(STORED DATA)
******

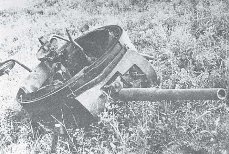 苏军T-26坦克的防护能力较弱。图为飞入草丛之中的炮塔,其坦克车身已被击毁。
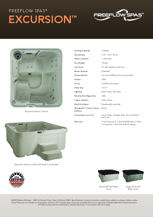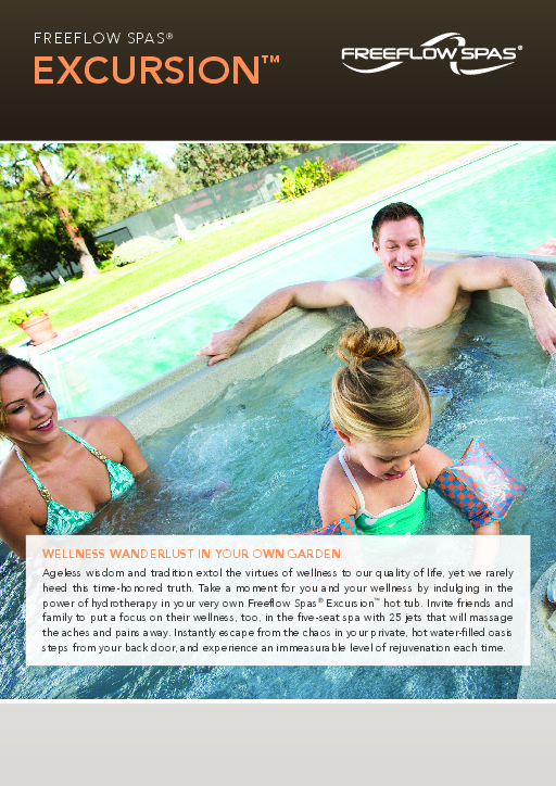 The 5-seat Excursion spa features a lounge for maximum comfort and a molded-in ice bucket making it the perfect spot for entertaining friends or spending time with family. Sit back and relax in the lounge seat as calf jets massage your legs, leaving you feeling rejuvenated.
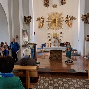 So gab es eine Gruppe die von Pattigham aus in die Schmolln gingen, eine weitere Gruppe aus Amberg. Eine große Gruppe an Radfahrer kamen auch zur Messe und ebenso folgten der Einladung zum Pfarrpilgern viele Familien. Die Kinder marschierten mit ihren Eltern einen kurzen Teil der Pilgerroute Via Nova.
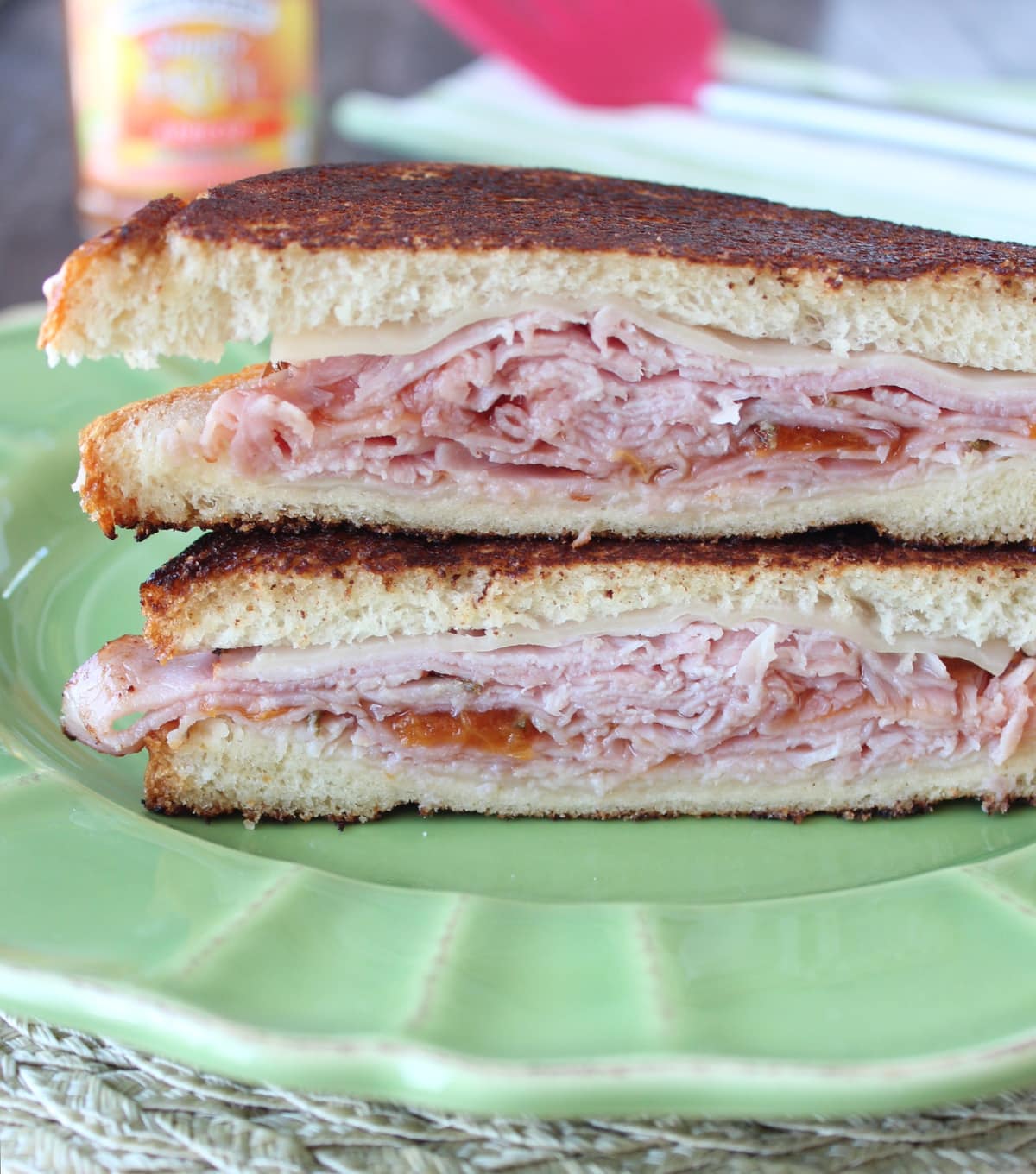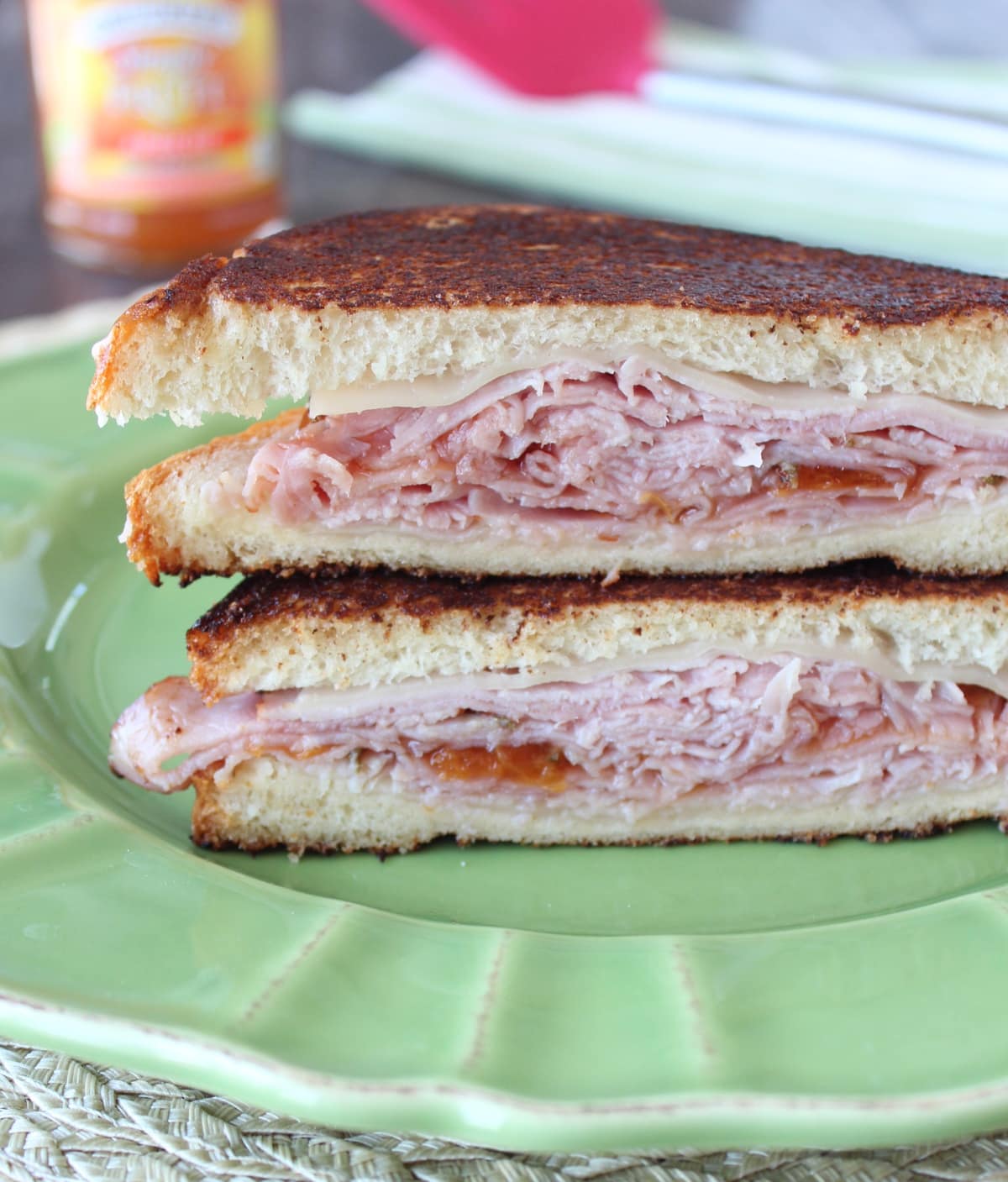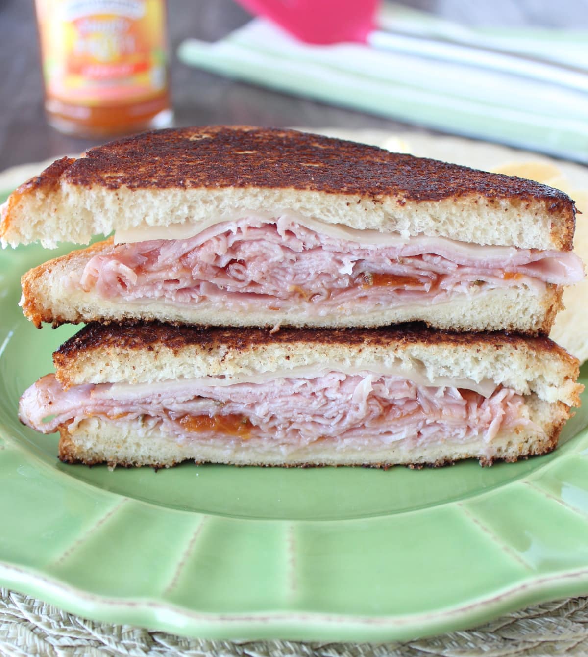 This ham and cheese sandwich recipe is given a sweet twist with apricot preserves and sweet Hawaiian sliced bread, perfect for an easy lunch!

******

(THE TASK)
Repeat verbatim the lines from the one with "So gab es eine" through the end of the listing above. Include both ends, add nothing, and exclude the pictures.

(ANSWER SPACE)
 So gab es eine Gruppe die von Pattigham aus in die Schmolln gingen, eine weitere Gruppe aus Amberg. Eine große Gruppe an Radfahrer kamen auch zur Messe und ebenso folgten der Einladung zum Pfarrpilgern viele Familien. Die Kinder marschierten mit ihren Eltern einen kurzen Teil der Pilgerroute Via Nova.
 This ham and cheese sandwich recipe is given a sweet twist with apricot preserves and sweet Hawaiian sliced bread, perfect for an easy lunch!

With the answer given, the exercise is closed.